Can special purpose liquidators be appointed to investigate the conduct of administrators or liquidators?

Spread the love

By Alicia Hill, Principal and Matthew Deetlefs, Law Clerk

During insolvency proceedings, administrators and liquidators are often required to make urgent commercial decisions. These decisions are unlikely to please every stakeholder, however, administrators and liquidators are not able to be subjected to investigation through appointment of special purpose liquidators (SPL) tasked with doing so. The unhappy stakeholders in Lewis v Battery Mineral Resources Ltd (in liq) [2021] FCA 963 found this out when they requested such an appointment from the Court as summarised in this article.


Battery Mineral Resources Ltd (BMR) was a mining company with notable exploration activities in Canada, where BMR had a Canadian subsidiary of the same name.

On 11 November 2019, administrators were appointed to BMR by its board. The administrators sought an urgent sale of the Canadian subsidiary to preserve the value of the shares in the subsidiary.

On 21 November 2019, the first meeting of BMR’s shareholders was held and a seven-person Committee of Inspection was appointed that included Mr Lewis, a former director of BMR.

A confidential report by the administrators was presented to the Committee of Inspection recommending that one of three bids received be accepted. This bid was made by one of the secured creditors (Weston) whose bid, unlike the bid favoured by Mr Lewis, would clearly result in the payment of creditors beyond Weston. The Committee of Inspection did not object and a contract was settled for sale to Weston within three weeks.

Mr Lewis objected to the sale and complained during correspondence with the administrators for a number of months.

In April 2021, more than a year after the sale, Mr Lewis applied to the court seeking the appointment of an SPL under section 90-15 of Schedule 2 of the Corporations Act 2001 to scrutinise the administrators decision to accept the bid.


The Court held that it did not possess the power under section 90-15 to appoint an SPL to investigate the conduct of an administrator or liquidator.

The investigation of the conduct of administrators and liquidators was noted to be a supervisory function of the Court and therefore could not be provided to a liquidator.

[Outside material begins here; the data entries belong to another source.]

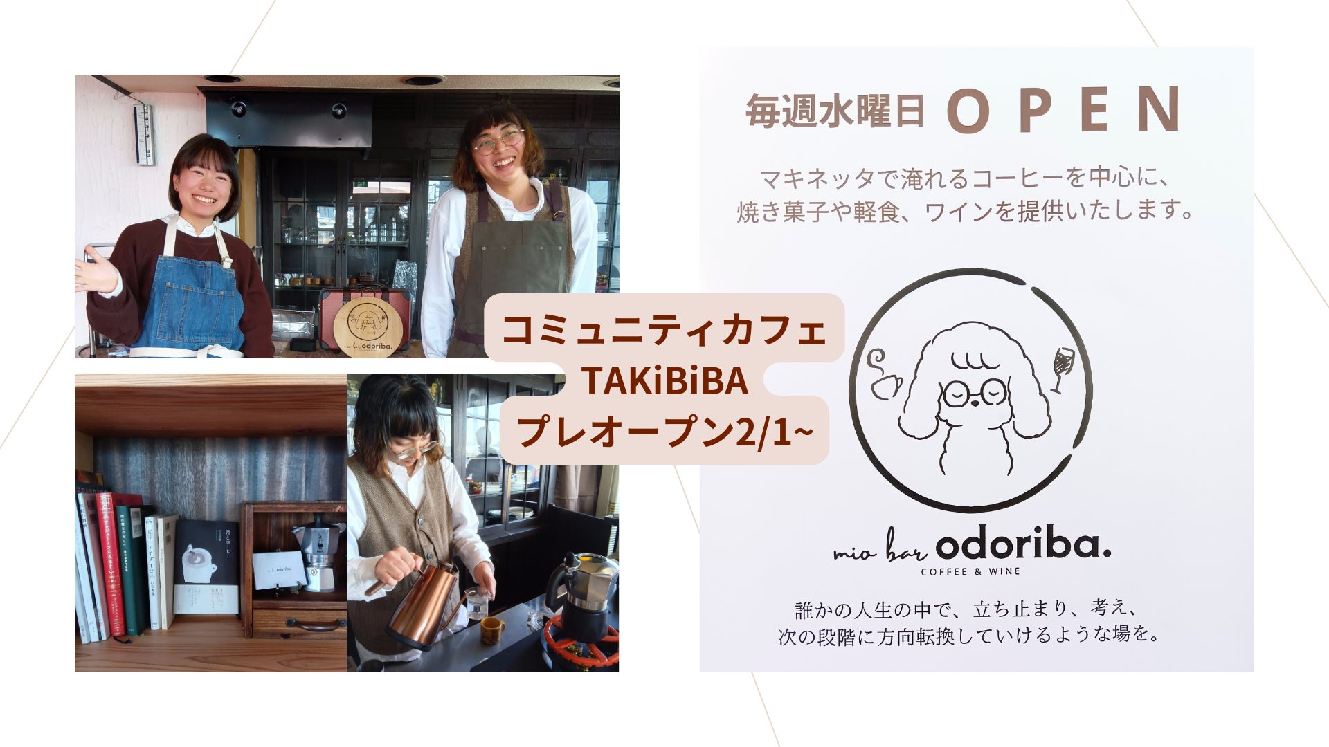 2月1日より、よしくん&あすみんが手がけるコーヒー&ワインのお店 「mio bar odoriba」 をプレオープンいたしました。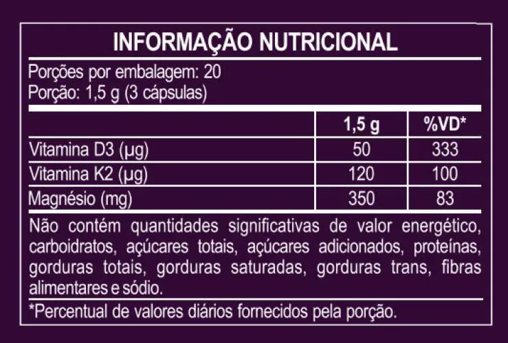 - Contém menaquinona-7 e colecalciferol.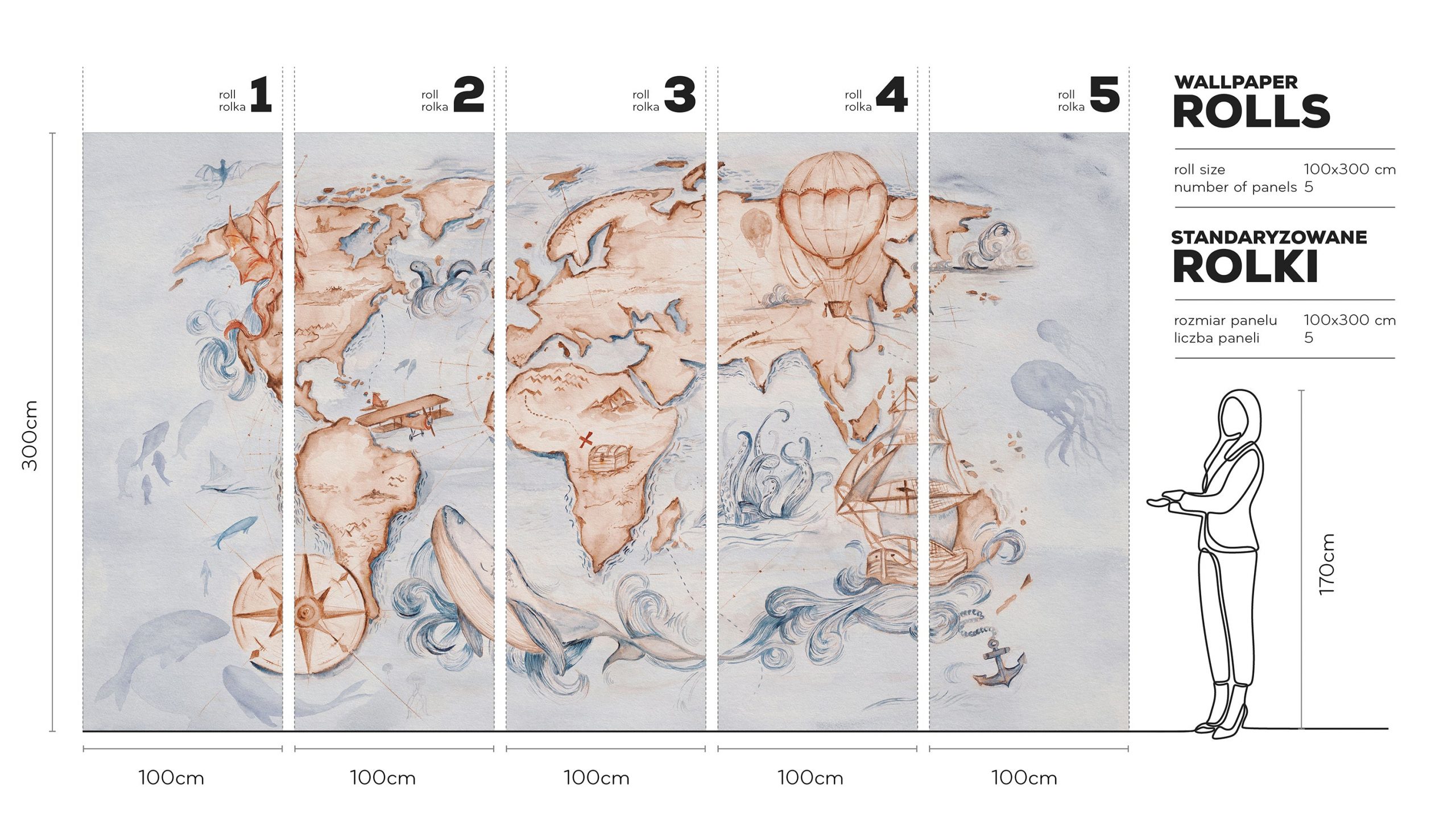 Użytkownicy docenią równowagę między spokojem a opowieścią. Ta tapeta wycisza wnętrze, a jednocześnie pobudza ciekawość. W pokoju dziecka, kąciku do czytania, przedszkolnej świetlicy lub przestrzeni do nauki staje się tłem do opowieści, nauki geografii i odkrywania świata. To dekoracja, która “rośnie” z użytkownikiem: elegancka, ponadczasowa i wyjątkowo fotogeniczna.

Even if the Court was empowered to appoint an SPL in these circumstances, the Court said it would have refused to exercise its discretion to do so. It must be demonstrated that the appointment of an SPL will have sufficient utility to the winding up and the creditors. The Court found this had not been demonstrated as Mr Lewis failed to show that the appointment would likely lead to further recoveries by creditors, in fact, appointment would delay distribution to creditors and reduce the dividend available. Mr Lewis’ unexplained delay in seeking the appointment was also fatal to the application.


The purpose of an SPL is not to investigate the conduct of the administrators or liquidators. An application to appoint an SPL will be accepted for example where:

  • A liquidator is prevented from investigating or pursuing causes of action which will benefit the creditors because the liquidator has a conflict of interest or has insufficient funds to do so;
  • It is just and useful that a different liquidator investigates a matter (not including the administrator or liquidator’s conduct) that may allow further recovery by creditors; or
  • A creditor is prepared to fund investigations and recovery actions but only on the condition that another liquidator is appointed.

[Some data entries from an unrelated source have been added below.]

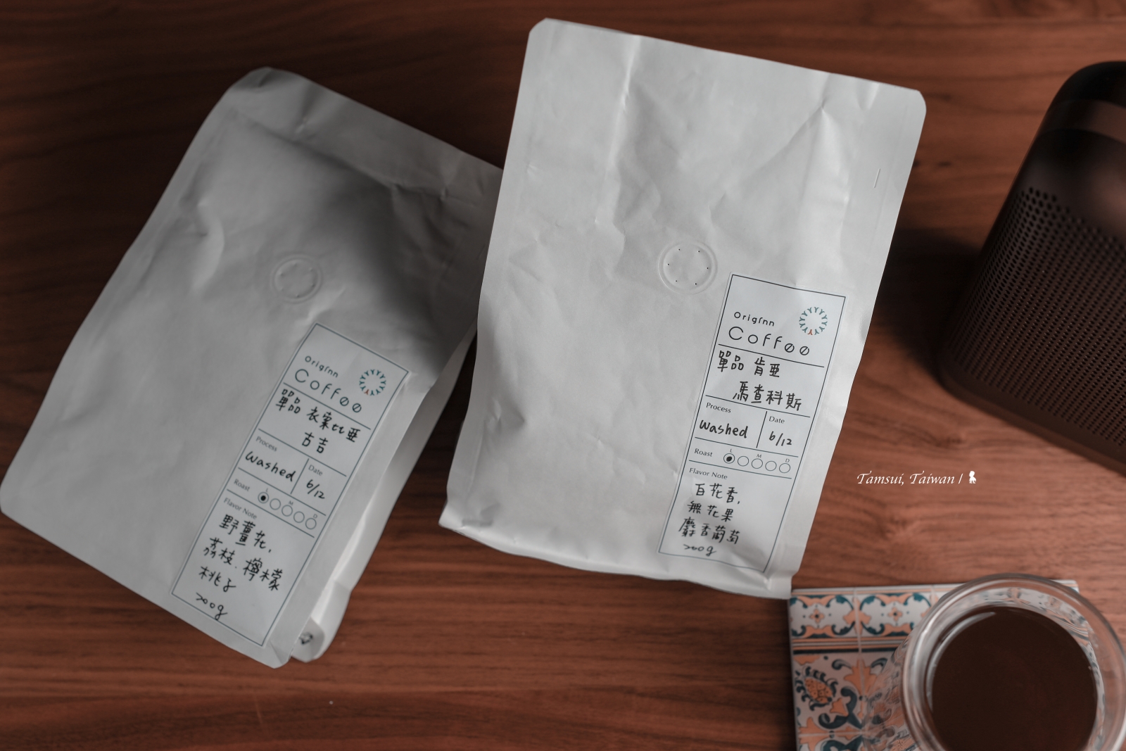 ⇑ 單品咖啡豆,上頭都會標記烘豆時間,是否新鮮,手沖悶蒸便知分曉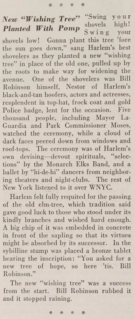 An unusual event celebrating legend, myth, and collective hope brought WNYC microphones to Harlem on November 4, 1934. The occasion was the replanting and dedication of the community’s “Wishing Tree” at 131st Street and Seventh Avenue, with Bill “Bojangles” Robinson presiding before public officials and a crowd of thousands. Also known as the “Tree of Hope,” the elm was believed to possess magical powers, according to reports in The Literary Digest.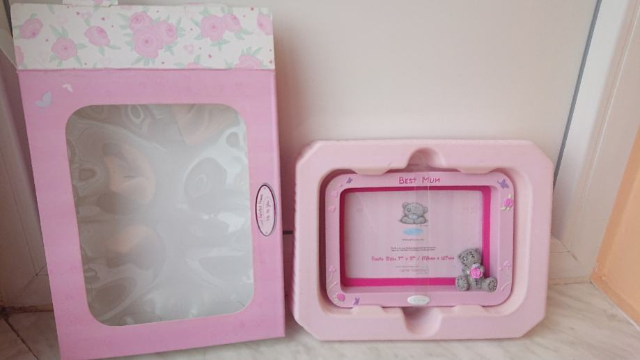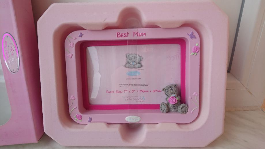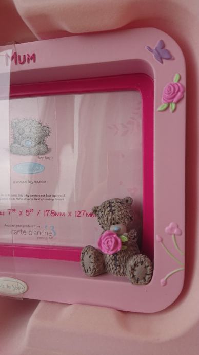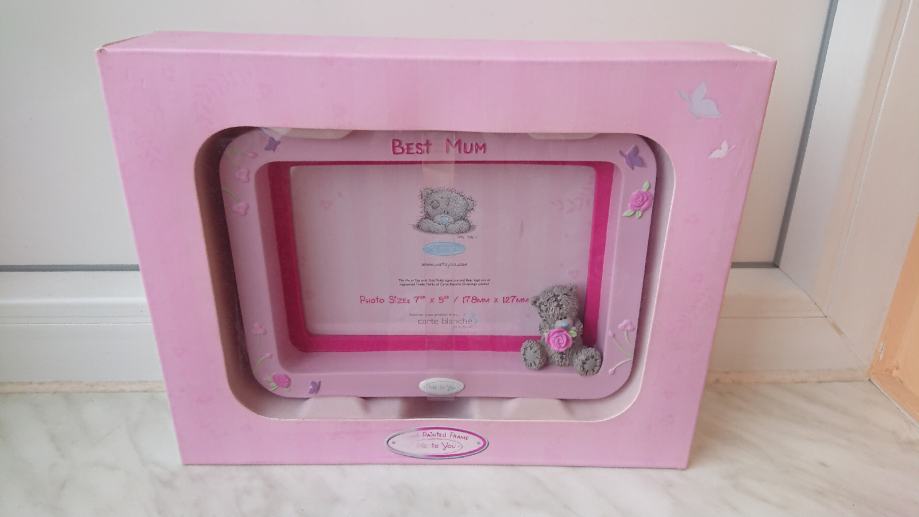 Okvir za slike, novo, u original kutiji, sa natpisom Best mum tj Najbolja mama, sa 3D medvjedićem i motivima cvjetića, ručno oslikan, marka Me to you.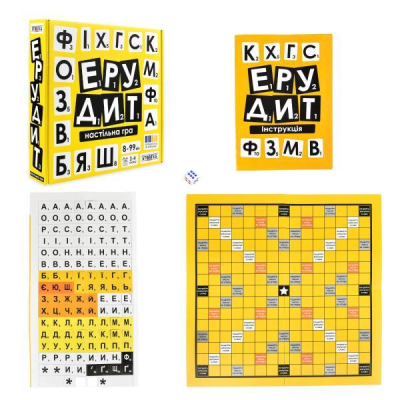 Настольная игра «Ерудит» — классика среди игр для тех, кто любит слова и интеллектуальные соревнования.Игроки по очереди составляют слова из букв на игровом поле, зарабатывая очки. Чем длиннее слово и удачнее его расположение — тем больше баллов. Игра развивает мышление, внимание и расширяет словарн..

The Court will also consider the following matters upon an application to appoint an SPL:

  • Whether a ‘special purpose’ has been identified with sufficient specificity;
  • Whether the appointment would ensure that ‘confidence in the integrity, objectivity and impartiality of the administration is maintained’;
  • Whether the special purpose is ‘substantial and serious’; and
  • The public interest.

Ultimately, as highlighted by this case, courts are reluctant to interfere with the decisions of an external administrator who has acted in good faith. This is welcome news to administrators who are often required to make urgent commercial decisions.